Corona Virus and Schrodinger's Cat


Viruses are the Schrodinger’s Cat of biology.  That is, they can be both alive and dead at the same time.  In the famous thought experiment by Erwin Schrodinger, the Nobel Prize winning physicist postulated that a cat in a sealed box could be both alive and dead at the same time.  In Schrodinger’s defense he was illustrating the absurdity of quantum superposition, where it is assumed that two opposite positions can exist in the same place at the same time.  But in the case of a virus it is, like Schrodinger’s cat, both alive and dead at the same time. 
            Viruses are considered life forms, not living things.  There is a difference.  In the words of Richard Preston, author of The Hot Zone, viruses exist in the, “shadowland” between animate and inanimate life forms.  A virus existing all by itself is not a living thing.  It is not a cell.  It has no protoplasm, no nucleus, no cell wall.  It has RNA but can’t trigger replication of its genetic code.  But life is possible.
            When a virus encounters a living cell something frightening happens.  If the cell finds the surface of the virus compatible, it will surround and absorb the virus.  The cell draws the virus into it and in that instant the virus has all the tools it needs to become a living thing.  The very cell that became the viruses host now becomes its victim.  The virus consumes the cell from the inside out.  As it gains energy from the cell it also replicates itself.  When the cell becomes so full of virus copies that it can hold no more, it bursts, sending the virus spawn into the surrounding cells to find more homes, more replication, more burst cells.  This continues until there are no more living cells for the virus to spread to.  The host is dead.  Viruses can not live in dead cells, only living ones. 
            Viruses are parasites.  They are both smaller and more basic than bacteria.
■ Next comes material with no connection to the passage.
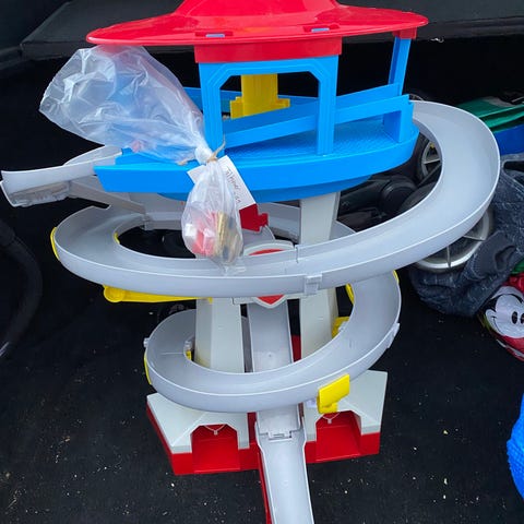 Paw Patrol legetårn med rutsjebane, fremstillet i plast med farverne rød, blå, gul og grå. Legetårnet er designet til børn og indeholder forskellige elementer til leg og fantasi.

They are an evolutionarily primitive form of life-possible material.   Viruses have been wreaking havoc throughout the ages of man.  And in each of these ages they have found a home in one creature (a bat, a bird, a pig, an insect, a worm…the list goes on) and have then changed in some important way to jump to another life form.  The closer the life form is to us, the easier it is for us to become victims of that virus.  Remember, when a cell accidently comes into contact with a virus it will only absorb the virus if it feels comfortable with it.  Viruses that don’t give a good vibe to a cell will be ignored by that cell. 
When viruses learn to live in mammals, they are more likely to be compatible with us.  When a virus living in some mammals makes the jump specifically to primates, we become a natural target.  Primates and humans share as much as 99% of their DNA.  That makes it easy to share viruses as well.  What is more, we live in a world where the distance from one continent to the next is hours and the incubation period of a deadly viral disease is days.  Given this situation it is easy for the viruses to win. 
Whether we are talking about Marburg virus with a death rate of 80% in its last outbreak, MERS at 40%, SARS at up to 10%, or Spanish Influenza of almost 3% we are talking about an ancient menace.  This menace never dies.  It changes form, adapts as needed, hides, waits and leaps at whatever opportunity comes its way.  Our only defense is knowledge of the enemy. 
If we hope to be smarter than Schrodinger’s Cat, we need to encourage deliberate thought, promote communication, fund education and subsidize research.  Through all of this, I keep the faith.